• Work request
Apart from the images, reproduce all of the data word for word.

━━━ Input data

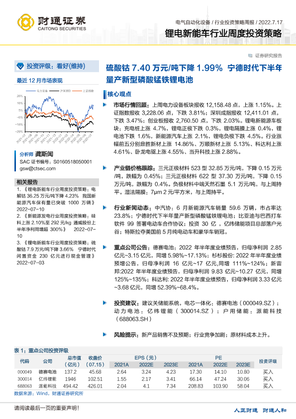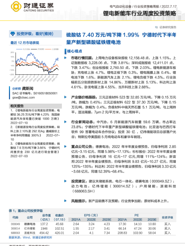 【财通证券】【20220717】锂电新能车行业周度投资策略:硫酸钴7.40万元/吨下降1.99% 宁德时代下半年量产新型磷酸锰铁锂电池-20页
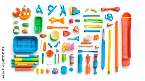 plastic, toy, stationery, set, displayed, flat, lay, composition, isolated, white, background, clean, modern, look
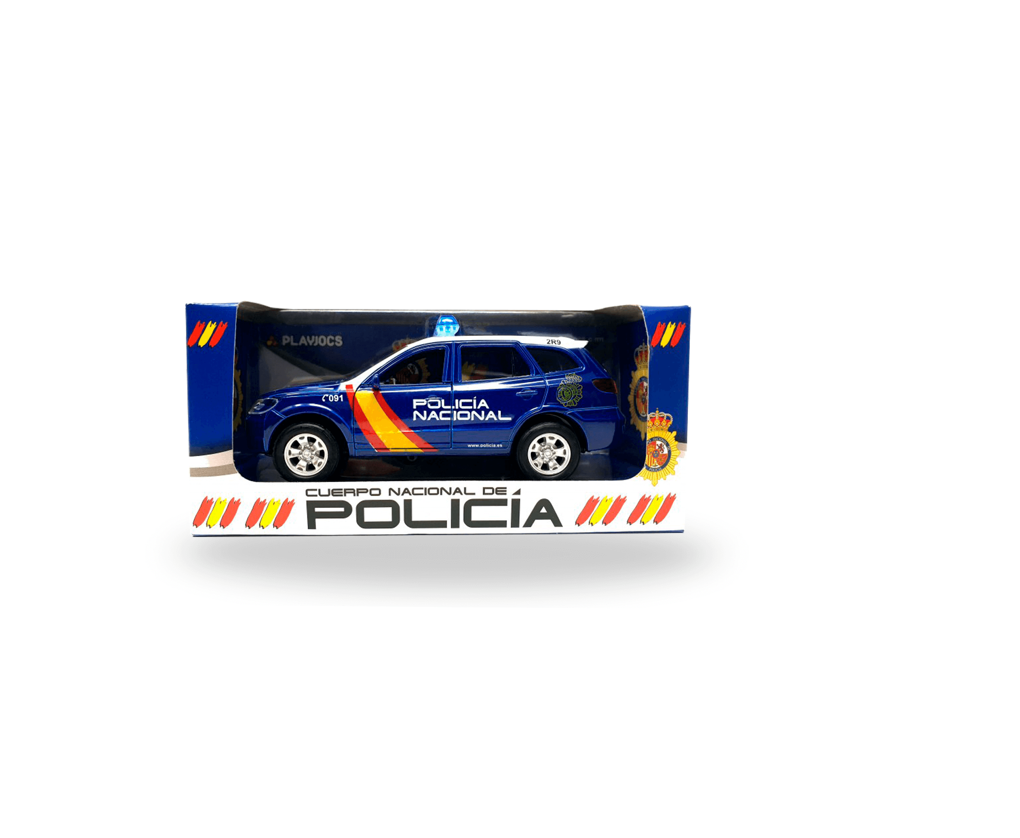 Fantástica réplica metálica del vehículo radiopatrulla del Cuerpo Nacional de Policía. Un modelo a escala de 13,8 cm, fabricado en metal con partes de plástico, que cuenta con apertura de puertas delanteras y sistema de rueda libre. Incluye los logotipos oficiales, el indicativo de emergencia 091 y viene en su caja de exhibición, convirtiéndolo en el detalle perfecto para coleccionistas o como regalo.
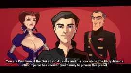 Герцог смотрит на Харконеннов как-то недовольно, свирепо и в то же время грустно и с недоумением.

━━━━━━

• Task response
 【财通证券】【20220717】锂电新能车行业周度投资策略:硫酸钴7.40万元/吨下降1.99% 宁德时代下半年量产新型磷酸锰铁锂电池-20页
 plastic, toy, stationery, set, displayed, flat, lay, composition, isolated, white, background, clean, modern, look
 Fantástica réplica metálica del vehículo radiopatrulla del Cuerpo Nacional de Policía. Un modelo a escala de 13,8 cm, fabricado en metal con partes de plástico, que cuenta con apertura de puertas delanteras y sistema de rueda libre. Incluye los logotipos oficiales, el indicativo de emergencia 091 y viene en su caja de exhibición, convirtiéndolo en el detalle perfecto para coleccionistas o como regalo.
 Герцог смотрит на Харконеннов как-то недовольно, свирепо и в то же время грустно и с недоумением.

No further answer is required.